Plusieurs personnes sifflèrent leur agacement face au bruit soudain. Le jeune homme bafouilla des excuses puis baissa le ton.

« Mais qu'est-ce que vous avez tous à dire qu'il est mauvais ? Marmonna-t-elle.

- Peut-être parce qu'il y a une raison à ça.

- Tu ne le connais pas.

- Oh, toi si ? »

L'agacement commençait à pointer le bout de son nez.

« Alors vas-y, dis-moi pourquoi il est si dangereux ?

- Et si tu lui demandais toi-même, hein ? Tu verras alors s'il assume qui il est. »

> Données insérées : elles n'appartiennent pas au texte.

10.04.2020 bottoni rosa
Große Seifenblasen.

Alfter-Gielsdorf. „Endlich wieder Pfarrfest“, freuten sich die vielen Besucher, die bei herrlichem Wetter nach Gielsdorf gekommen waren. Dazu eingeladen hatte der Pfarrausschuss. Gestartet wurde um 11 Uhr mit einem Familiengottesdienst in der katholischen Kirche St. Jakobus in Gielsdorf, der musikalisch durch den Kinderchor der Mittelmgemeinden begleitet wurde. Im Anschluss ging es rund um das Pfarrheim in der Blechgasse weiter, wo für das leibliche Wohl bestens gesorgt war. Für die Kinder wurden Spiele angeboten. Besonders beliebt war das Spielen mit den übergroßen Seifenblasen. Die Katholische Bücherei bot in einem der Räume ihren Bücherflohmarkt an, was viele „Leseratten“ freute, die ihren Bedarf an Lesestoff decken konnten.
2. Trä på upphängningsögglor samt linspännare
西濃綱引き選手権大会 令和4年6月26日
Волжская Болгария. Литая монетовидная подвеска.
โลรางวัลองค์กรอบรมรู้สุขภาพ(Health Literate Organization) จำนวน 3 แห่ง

Ses paroles, plutôt dures, tournoyaient dans sa tête pendant qu'elle conduisait. Gerald n'était pas revenu et aucun message apparaissait sur l'écran de son téléphone. Elle s'engagea dans l'allée de la maison et les gravillons craquèrent sous les pneus. Sa portière claqua. Le bruit résonna dans le silence de la nuit, attirant l'attention d'un chien qui se mit à aboyer.

« Hey Erza ! Tu as passé une bonne journée ? »

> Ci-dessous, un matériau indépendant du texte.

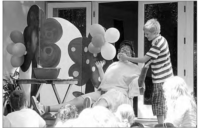
... um beim Programm „Jule wäscht sich nie“ mitzumachen
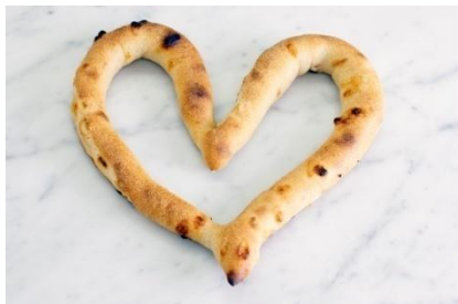
-ハートのホワイトバゲット- 320円(税別)

Elle salua vaguement Mirajane qui était dans le salon avec Luxus. Ils visionnaient un film. Le grand blond n'avait pas l'air très intéressé par ce qui se déroulait dedans, mais davantage par la jeune femme collée contre lui. Malheureusement pour lui, la demoiselle la rejoignit dans la cuisine avec un petit sourire.

« Gerald est passé.

- Qu'est-ce qu'il voulait ?

- Et bien, savoir si tu étais rentrée. »

La rousse prit un temps pour apprécier la froideur du frigo puis saisit une bouteille de lait.

« Tu te rends compte qu'il est assez tard, pas vrai ? »

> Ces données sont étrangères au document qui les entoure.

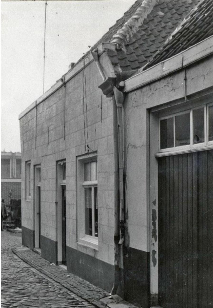
Afb. 7 en 8. Boven de Kleine Molenstraat, gezien vanuit de Molenstraat, vlak voor de afbraak van het gehele bouwblok. Rechts de boerderij van Feskens, rechts aan het eind van het straatje. Onder deze bebouwing werden bij opgravingen in 1982 13de eeuwse bouwsporen gevonden.
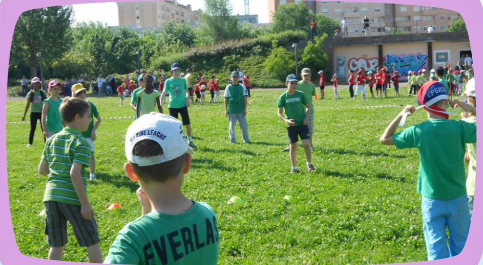
GIOCHI DI FINE ANNO

Bien sûr. Mais elle n'avait pas prévu de passer par chez Simon pour continuer leurs révisions, ni même qu'elle allait dîner avec sa famille. Elle n'avait pas fait attention à l'heure. Elle mordit sa lèvre et ses ongles tapotèrent nerveusement le plan de travail.

« Il était énervé ?

- Plutôt furieux, oui. »

Et merde.

« Tu devrais l'appeler. Il est assez impulsif sous la colère. »

Mirajane lui tapota l'épaule avant de rejoindre son compagnon qui râlait un peu.

Ce fut quand elle monta dans sa chambre qu'elle reprit son téléphone. Il y avait un message.

« Salut. C'est cool que tu sois restée ce soir. Par contre tu as oublié ton pull

dans ma chambre. Je te le ramène demain, ça marche ? »

Et maintenant elle se mettait à laisser ses affaires chez Simon ? De mieux en mieux.

« Hey. Ouais ce serait sympa. Merci. »

Son portable posé sur sa table de nuit, Erza enfouit son visage dans ses oreillers. L'odeur si familière du célèbre Gerald l'attaqua et elle gémit de satisfaction. Pourtant ce n'était pas suffisant. Il manquait sa chaleur et sa respiration qui caressait sa joue, ou ses doigts se faufilant dans ses longs cheveux. Et sa voix. Cette voix où un léger accent espagnol s'immisçait de temps en temps, tandis qu'il fredonnait des mélodies près de son oreille.

Mais à la place, il y avait juste le silence d'une pièce remplie de ténèbres.